WHAT IS NEEDED:
Extract the lines from the first one in the records below through the line containing "うちのPC環境のせいか、まと", keeping both ends and leaving out any pictures.

Start of AVAILABLE DATA

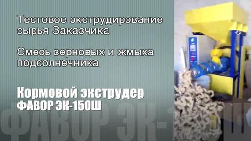 Экструдер для кормов ЭК-150Ш. Тестовое экструдирование смеси зерновых и жмыха подсолнечника. Краткий видеоотчет.
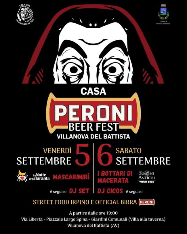 Il 5 e 6 Settembre 2025, dalle ore 19:00 a Villanova del Battista, in provincia di Avellino, avrร luogo l’evento Casa Peroni Beerfest. 5 Settembre
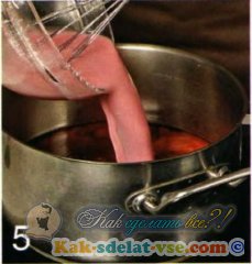 9.Суміш борошна і соку тонкою цівкою вливаємо в загустілий виноградний сік, також помішуючи. Тушкуємо на слабкому вогні ще 5-7 хвилин. Отриманий сироп повинен вийти густим, солодким і тягучим, як карамель, інакше правильно приготувати страву не вийде.
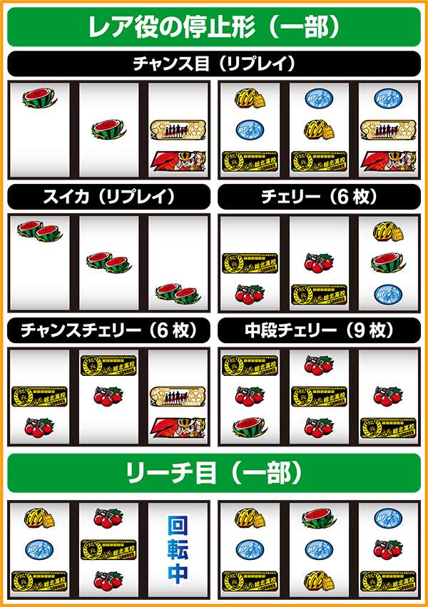 スイカとチャンス目はともにリプレイのため取りこぼしても損をすることはないが、当選契機を正確に見抜くためにも中右リールは赤7を目安にスイカを狙っておこう。
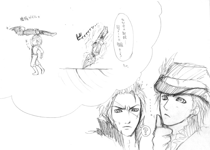 うちのPC環境のせいか、まともな絵だけ載せようとすると激遅更新になってしまうので、落描きもばんばん載せていきます。というのも、スキャナとかタブの設定とか全て揃った2階の自室のお絵描き用のPCはスペック不足でゲームが出来ません。一階にある高スペックのゲーム用のPCは絵描くには家族に丸見えでやりにくい。なのでゲームやりながら合間に色塗り…っていう素敵なプレイ(ぁ)が出来ないのです。ゲームするならゲーム。絵描くなら絵。でもやっぱり毎日皆に会いたくなるのでゲーム取っちゃうんですよね。
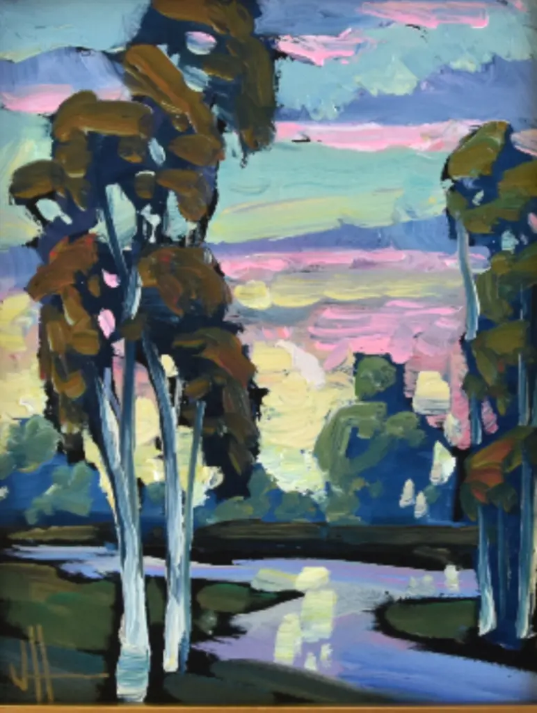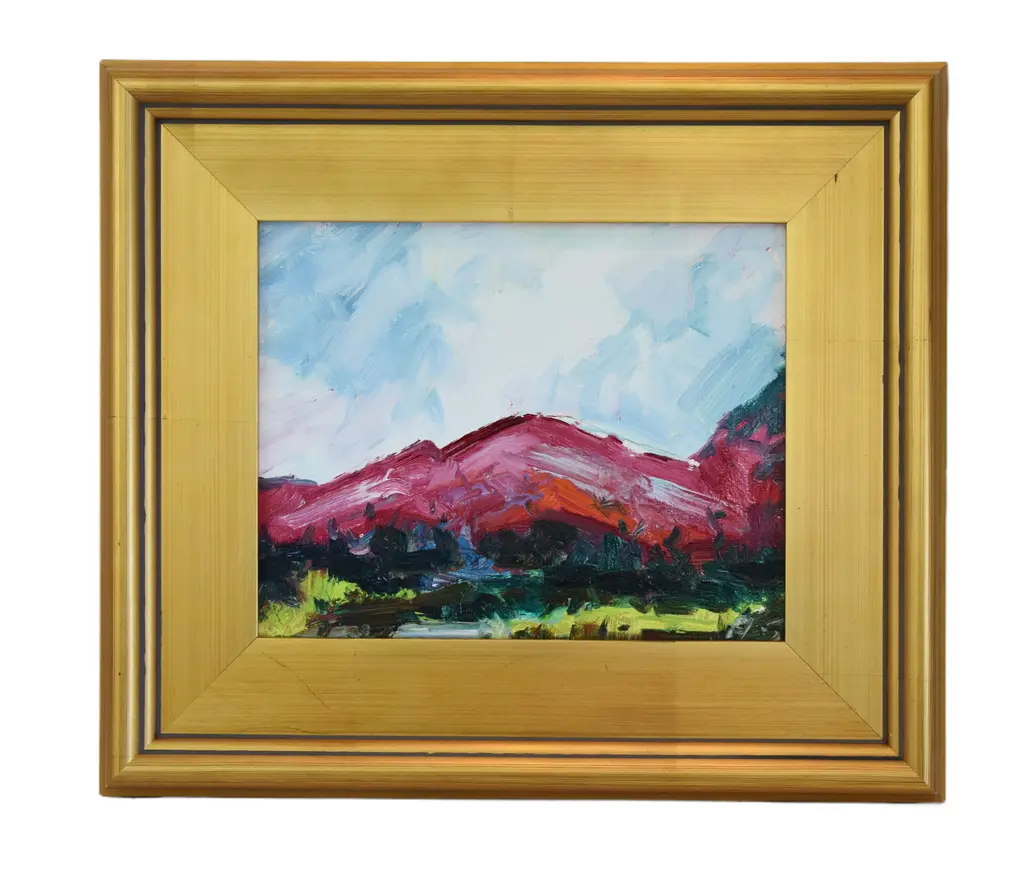 Original stream and landscape Impressionist oil painting on artist’s canvas panel by listed artist William Hawkins. Hawkins is a talented impressionist painter from Tucson, Arizona, known for his colorful brushwork and use of lighting. Initialed "WH" in the lower left corner and stamped on the reverse. Included is an antiqued gold wood frame and hanging hardware/wire. Dimensions: Artwork, 8"L x 10”H; overall, including the frame, 13�������L x 15��H. Excellent condition!!!!
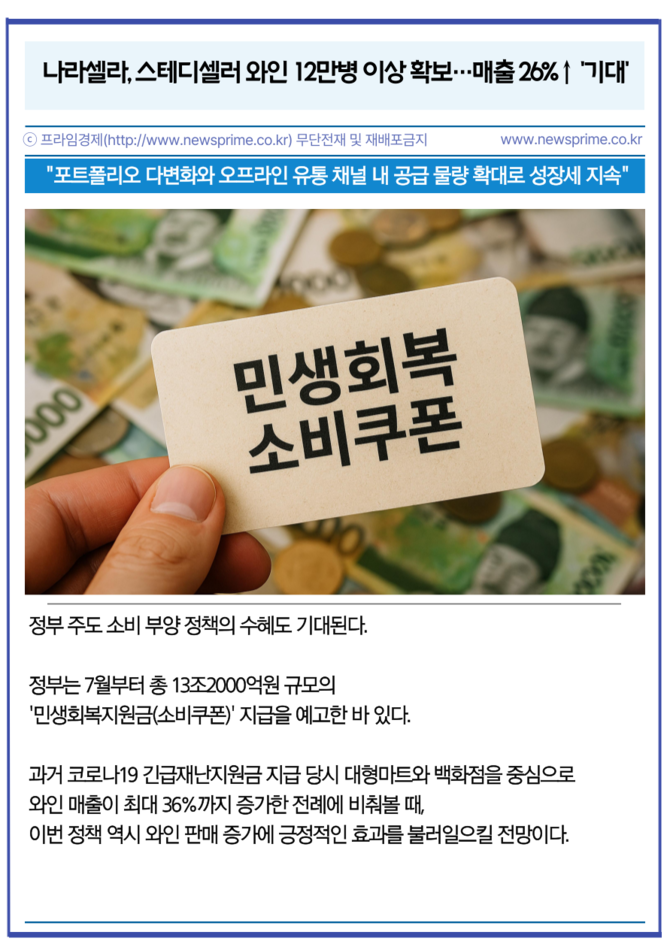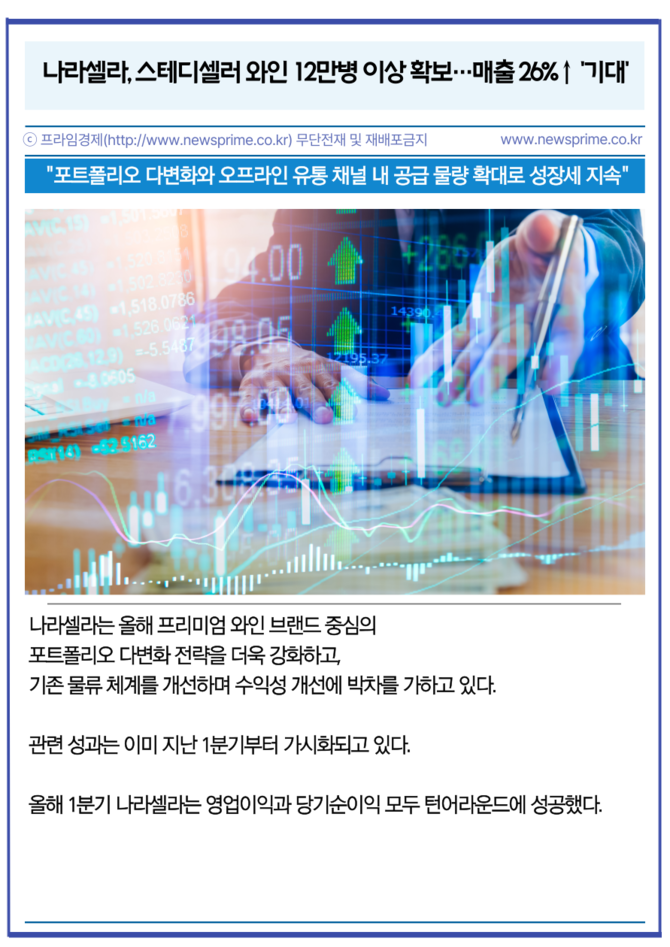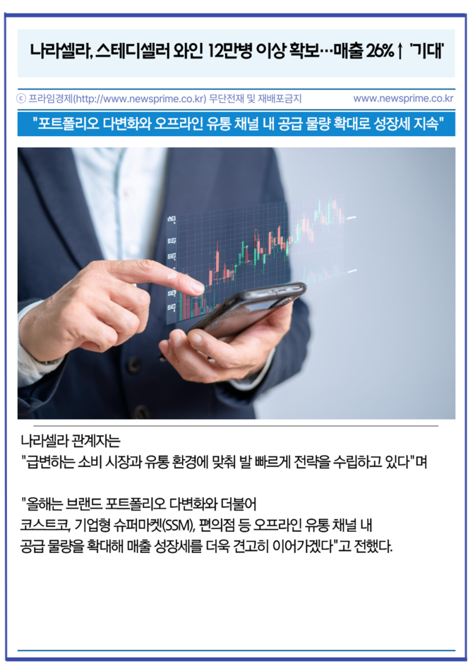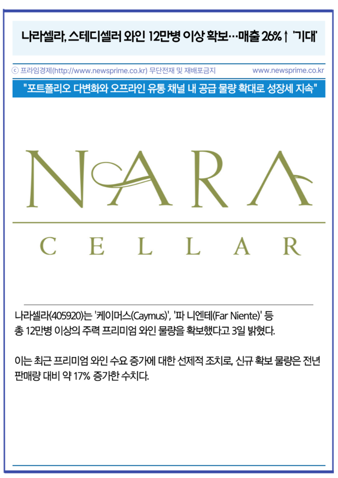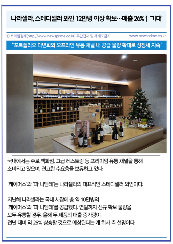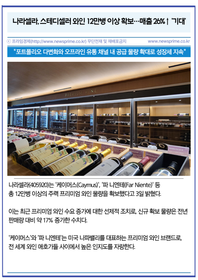 [프라임경제] 나라셀라(405920)는 '케이머스(Caymus)', '파 니엔테(Far Niente)' 등 총 12만병 이상의 주력 프리미엄 와인 물량을 확보했다고 3일 밝혔다. 이는 최근 프리미엄 와인 수요 증가에 대한 선제적 조치로, 신규 확보 물량은 전년 판매량 대비 약 17% 증가한 수치다.

End of AVAILABLE DATA

SOLVED EXERCISE:
 Экструдер для кормов ЭК-150Ш. Тестовое экструдирование смеси зерновых и жмыха подсолнечника. Краткий видеоотчет.
 Il 5 e 6 Settembre 2025, dalle ore 19:00 a Villanova del Battista, in provincia di Avellino, avrร luogo l’evento Casa Peroni Beerfest. 5 Settembre
 9.Суміш борошна і соку тонкою цівкою вливаємо в загустілий виноградний сік, також помішуючи. Тушкуємо на слабкому вогні ще 5-7 хвилин. Отриманий сироп повинен вийти густим, солодким і тягучим, як карамель, інакше правильно приготувати страву не вийде.
 スイカとチャンス目はともにリプレイのため取りこぼしても損をすることはないが、当選契機を正確に見抜くためにも中右リールは赤7を目安にスイカを狙っておこう。
 うちのPC環境のせいか、まともな絵だけ載せようとすると激遅更新になってしまうので、落描きもばんばん載せていきます。というのも、スキャナとかタブの設定とか全て揃った2階の自室のお絵描き用のPCはスペック不足でゲームが出来ません。一階にある高スペックのゲーム用のPCは絵描くには家族に丸見えでやりにくい。なのでゲームやりながら合間に色塗り…っていう素敵なプレイ(ぁ)が出来ないのです。ゲームするならゲーム。絵描くなら絵。でもやっぱり毎日皆に会いたくなるのでゲーム取っちゃうんですよね。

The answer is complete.